# Comic story brain storm



## LunardsLunacy (Jun 3, 2013)

Hi guys!

I'm just putting this up because in a few weeks I want to get started on a comic but I need some help fleshing out the story. I know for a fact I want it to include the 1920's with the main character being a horse race jockey (his species will definitely be a fox, a sort of ninetails looking thing).
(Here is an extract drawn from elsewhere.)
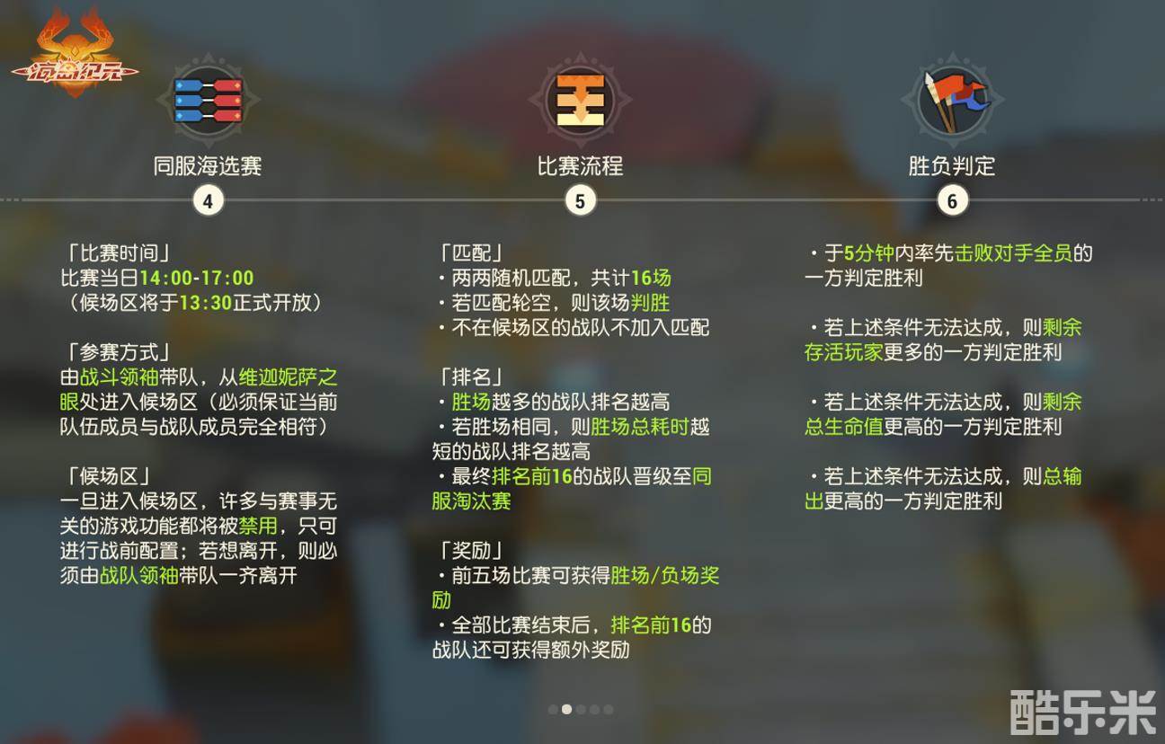 等待海民勇士的第一关便是【同服海选赛】,在比赛过程中,五分钟内率先击败敌方全员的战队即可获得胜利,最终排名前16的战队将晋级至【同服淘汰赛】。

I want him to kind of get caught up in some kind of trouble but I haven't quite figured it out yet.

Any ideas for contributions to a story plot?


----------



## Duality Jack (Jun 3, 2013)

a murderer is seeking out artists/athletes in the town and hiring them and killing them

He is trying to find his father as he travels between cities

His mother is sick and he needs to win the race to fund the cure

His horse is actually a robot kitten which eats roses (No don't do this)

The races are run by the mob in the background and he does not want to follow the rules.


----------



## LunardsLunacy (Jun 3, 2013)

I really like the father idea!

but the robot kitten is appealing too (just kidding XD)

I didn't really want to involve the mob because it's a bit stereotypical for this period but I really like the father/son idea! I'll do that one I think! Thank you for the help!


----------



## Duality Jack (Jun 3, 2013)

No problemo.


----------



## mapdark (Jun 7, 2013)

Well I guess I would suggest to avoid the typical furry comic cliches like overly designed characters that look like sparkledogs and anachronic stuff.

And also , avoid any gay coming out story too since it's been done to death. Actually WAY past death.


----------



## Mullerornis (Jun 7, 2013)

Just make everyone a bisexual goff stanist.


----------